Surgiu então a “hagiologia” ou “hagiológica”; com os calendários litúrgicos

e a comemoração dos mártires nos lugares de seus túmulos, a hagiografia se interessa, durante os primeiros séculos (de 150 a cerca de 350), menos pela existência e mais pela morte da testemunha. Uma segunda etapa se abre com as

Vidas: as dos ascetas do deserto (assim como a Vida de Santo Antonio, por

Atanásio) e, por outro lado, a dos ‘confessores’ e dos bispos: Vidas de São Cipriano (+ 258), de São Gregório, o Taumaturgo (+ cerca de 270), ou de São Martinho de Tours (por Sulpício Severo). Segue um grande desenvolvimento da hagiografia no qual os fundadores de Ordens e os místicos ocupam um lugar crescente (CERTEAU, 2002, p. 267).

A “imagem” ou “exemplo” se fundaria na incorporação de certas qualidades em figuras, algumas vezes, baseadas na existência duma pessoa; em outras, vindas da mitologia, das lendas, da história. As últimas situações seriam governadas pelo termo latino Fingere: “os substantivos fictio e figura, ancestrais de nossos ‘ficção’ e ‘figura’, derivam desse verbo, o qual designam melhor, na medida em que é possível estabelecer diferenças entre suas denotações, a ação e o produto ou efeito de dita ação” (GENETTE, 2004 p. 19).

O ramo das Vidas alcançava notória ampliação. Mikhail Bakhtin (1990, p. 250) destacaria os vínculos da narrativa ficcional com as espécies primordiais do espaço biográfico. Ele sublinha o papel desempenhado por “formas biográficas e autobiográficas notáveis que exerceram influência não só para o desenvolvimento da biografia e da autobiografia européias, mas também para o desenvolvimento de todo o romance europeu.”

Nos medievos, as primeiras narrativas históricas – anais e crônicas – adotaram

a escrita como veículo, assegurando, com isso, maior confiabilidade e distanciamento em relação aos sujeitos que constituem matéria de narração. História enquanto narração transforma-se em sinônimo da memória, compondo com a escrita, e seus suportes, uma aliança tão completa, que se converte em exemplo para as demais manifestações verbais. Não por outra razão, Walter Benjamin assinala que, na crônica histórica, e não no conto, está a origem do romance, dado o caráter de manifestação exclusivamente da escrita, compartilhado pelos dois gêneros (ZILBERMAN, p. 131, 2006b).

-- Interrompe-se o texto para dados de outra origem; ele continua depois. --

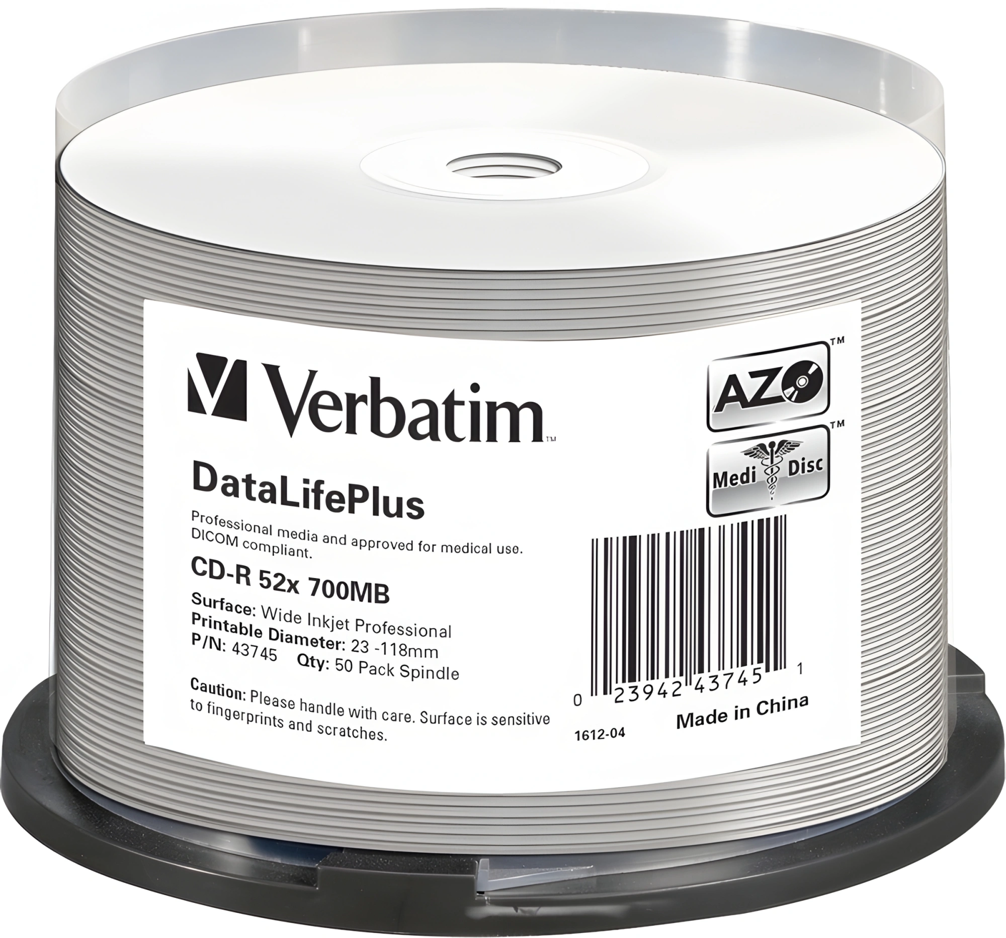 Диск CD-R Verbatim 700Mb 52x Cake Box (50шт) Printable (43756)

A ciência histórica e o espaço biográfico sentiriam o refluxo das práticas letradas, tanto quanto a filosofia, a poética ou a retórica. Durante o grande lapso temporal coberto pela Antigüidade tardia e pelas Idades Medievais, as línguas românicas ou “romance” puseram-se a recuperar alguns temas precedentes, reinterpretavam personagens já vistas, representariam histórias anteriores em novas imagens. Sob renovada ótica, os vernáculos moldavam uma sorte de globalidade que veio antecipando A galáxia de Gutemberg.